## Assigned task
Could you restate word for word only the lines below from the one holding "가수 싸이가 11일 오전" to the one holding "В модернизированном кокпите", inclusive, and leave out the pictures?

## Data in this exercise
☆ ☆ ☆ ☆

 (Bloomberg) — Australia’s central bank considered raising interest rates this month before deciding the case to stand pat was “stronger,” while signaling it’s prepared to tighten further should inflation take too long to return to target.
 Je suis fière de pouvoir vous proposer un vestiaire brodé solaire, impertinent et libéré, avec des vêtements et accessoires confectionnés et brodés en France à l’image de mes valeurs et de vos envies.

☆ ☆ ☆ ☆

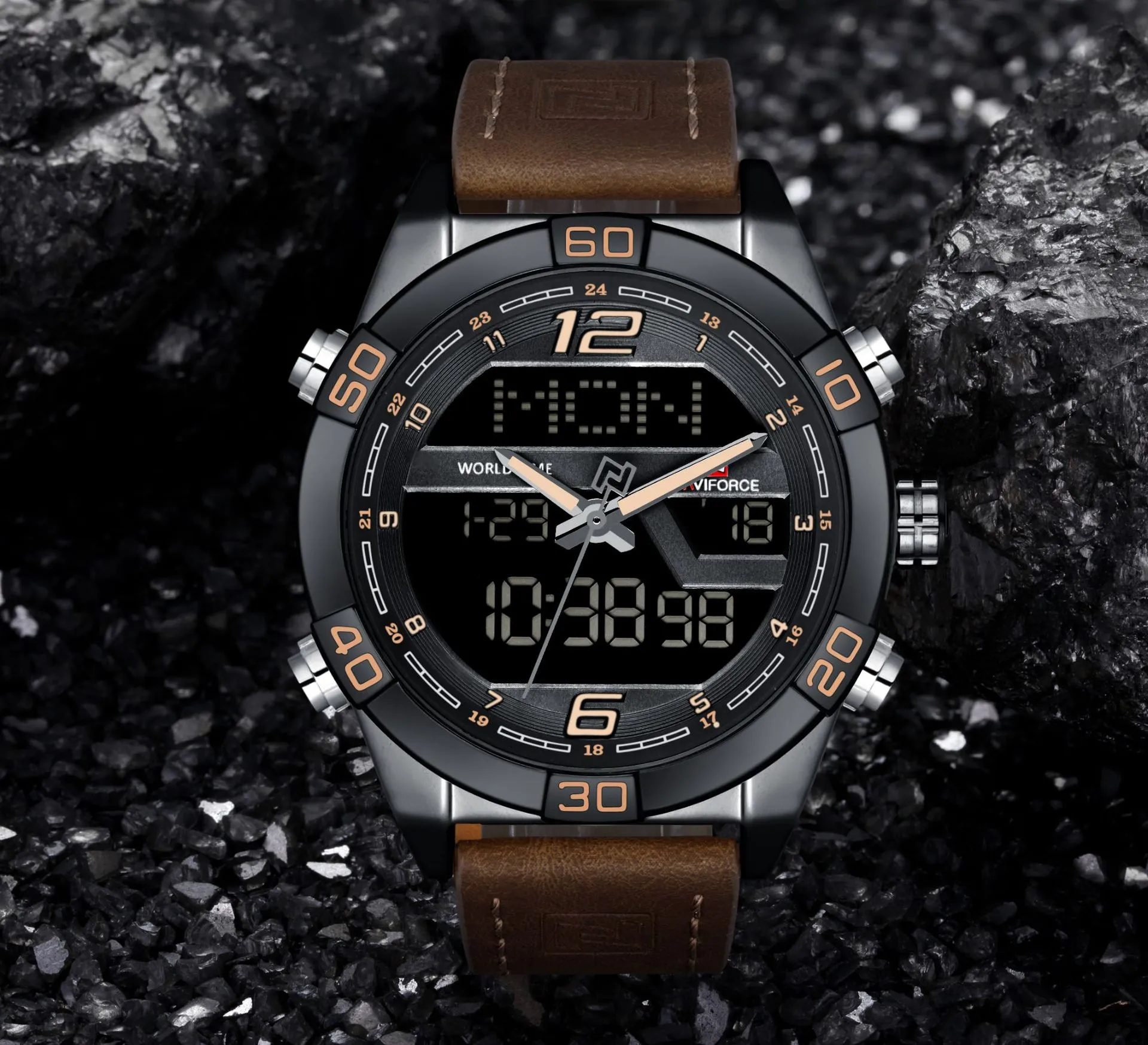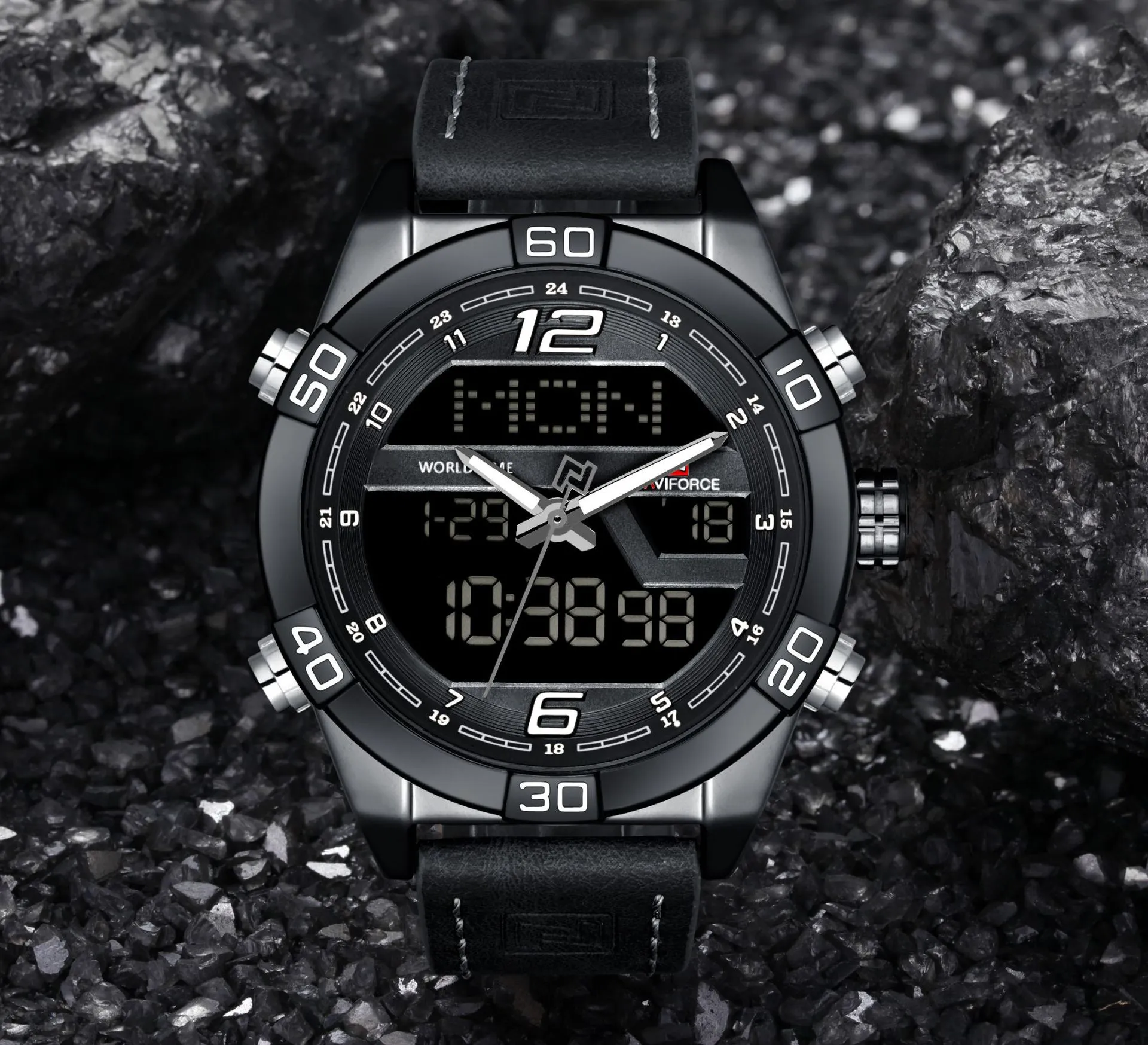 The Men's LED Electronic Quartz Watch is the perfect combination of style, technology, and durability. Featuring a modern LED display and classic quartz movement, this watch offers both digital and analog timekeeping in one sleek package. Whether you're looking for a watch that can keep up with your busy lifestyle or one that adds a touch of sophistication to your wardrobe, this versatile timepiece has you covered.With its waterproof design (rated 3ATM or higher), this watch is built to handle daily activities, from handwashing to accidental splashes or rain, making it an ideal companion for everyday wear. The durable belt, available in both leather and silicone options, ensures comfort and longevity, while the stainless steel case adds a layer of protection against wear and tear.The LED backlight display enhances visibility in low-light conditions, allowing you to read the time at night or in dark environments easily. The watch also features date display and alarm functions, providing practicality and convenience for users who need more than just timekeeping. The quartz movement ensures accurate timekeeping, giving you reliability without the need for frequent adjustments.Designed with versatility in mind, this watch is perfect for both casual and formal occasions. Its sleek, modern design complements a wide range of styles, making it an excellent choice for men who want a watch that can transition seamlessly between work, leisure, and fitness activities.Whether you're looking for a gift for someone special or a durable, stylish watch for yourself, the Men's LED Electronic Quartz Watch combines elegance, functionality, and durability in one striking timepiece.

☆ ☆ ☆ ☆

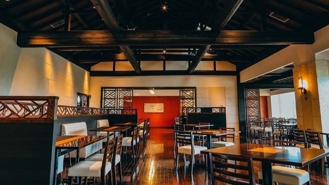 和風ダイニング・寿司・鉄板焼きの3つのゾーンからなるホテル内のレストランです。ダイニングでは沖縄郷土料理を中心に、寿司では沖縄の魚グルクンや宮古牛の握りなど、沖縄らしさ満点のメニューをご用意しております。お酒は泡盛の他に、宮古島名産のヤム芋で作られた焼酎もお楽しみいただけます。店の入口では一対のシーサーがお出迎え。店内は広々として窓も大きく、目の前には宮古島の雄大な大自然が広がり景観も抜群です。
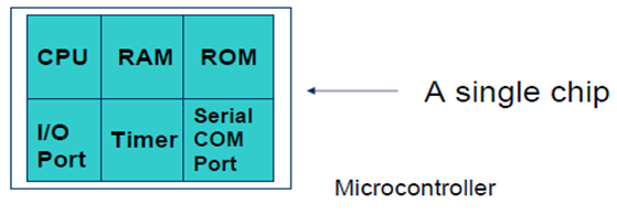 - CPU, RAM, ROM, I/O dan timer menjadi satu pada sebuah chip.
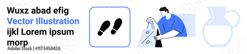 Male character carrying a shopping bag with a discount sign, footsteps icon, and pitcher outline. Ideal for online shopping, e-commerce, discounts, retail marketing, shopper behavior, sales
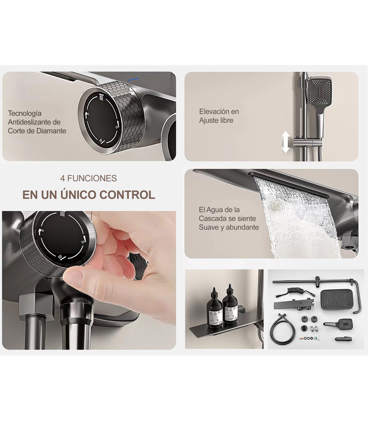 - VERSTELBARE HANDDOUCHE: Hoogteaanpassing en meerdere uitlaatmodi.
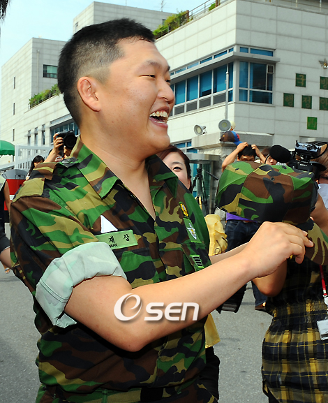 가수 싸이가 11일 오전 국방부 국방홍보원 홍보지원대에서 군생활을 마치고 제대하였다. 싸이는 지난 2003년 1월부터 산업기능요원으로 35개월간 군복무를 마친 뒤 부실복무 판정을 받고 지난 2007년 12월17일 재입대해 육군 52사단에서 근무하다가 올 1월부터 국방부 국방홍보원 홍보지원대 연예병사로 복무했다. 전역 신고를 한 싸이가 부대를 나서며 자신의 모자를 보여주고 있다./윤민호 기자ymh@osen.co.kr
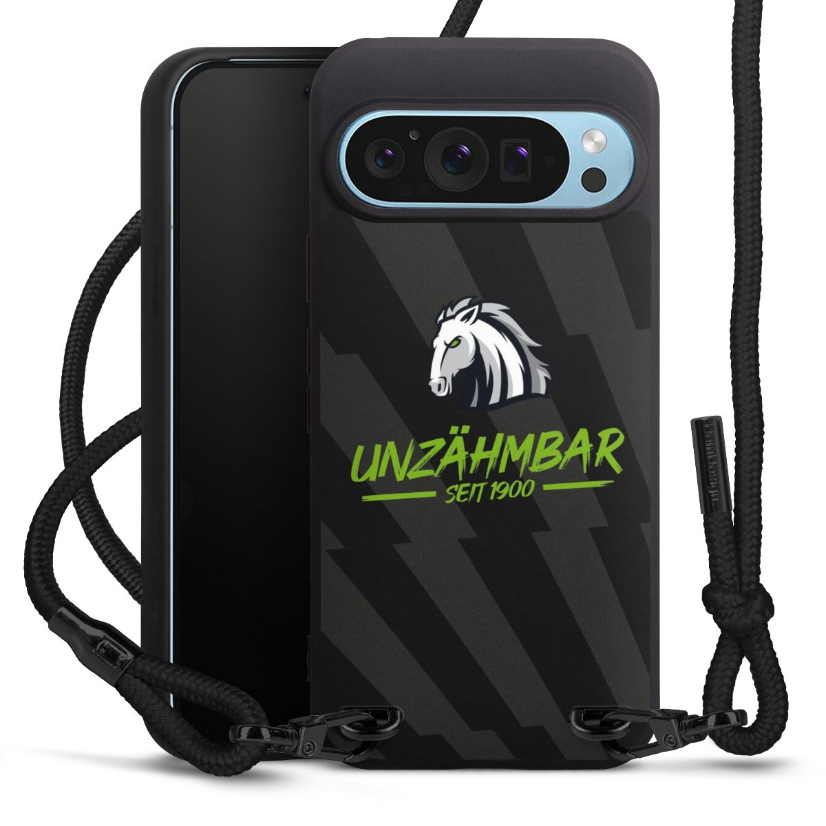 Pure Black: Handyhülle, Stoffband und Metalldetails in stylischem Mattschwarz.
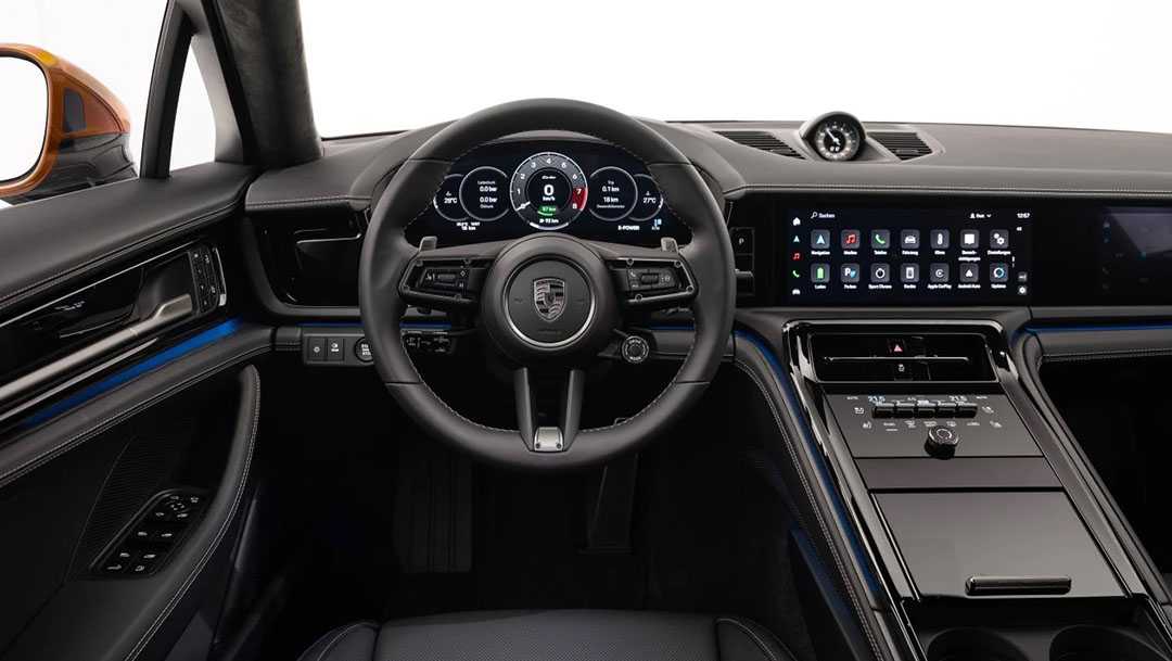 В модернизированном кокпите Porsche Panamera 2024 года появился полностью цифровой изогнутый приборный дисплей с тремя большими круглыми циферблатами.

☆ ☆ ☆ ☆

## Answer section
 가수 싸이가 11일 오전 국방부 국방홍보원 홍보지원대에서 군생활을 마치고 제대하였다. 싸이는 지난 2003년 1월부터 산업기능요원으로 35개월간 군복무를 마친 뒤 부실복무 판정을 받고 지난 2007년 12월17일 재입대해 육군 52사단에서 근무하다가 올 1월부터 국방부 국방홍보원 홍보지원대 연예병사로 복무했다. 전역 신고를 한 싸이가 부대를 나서며 자신의 모자를 보여주고 있다./윤민호 기자ymh@osen.co.kr
 Pure Black: Handyhülle, Stoffband und Metalldetails in stylischem Mattschwarz.
 В модернизированном кокпите Porsche Panamera 2024 года появился полностью цифровой изогнутый приборный дисплей с тремя большими круглыми циферблатами.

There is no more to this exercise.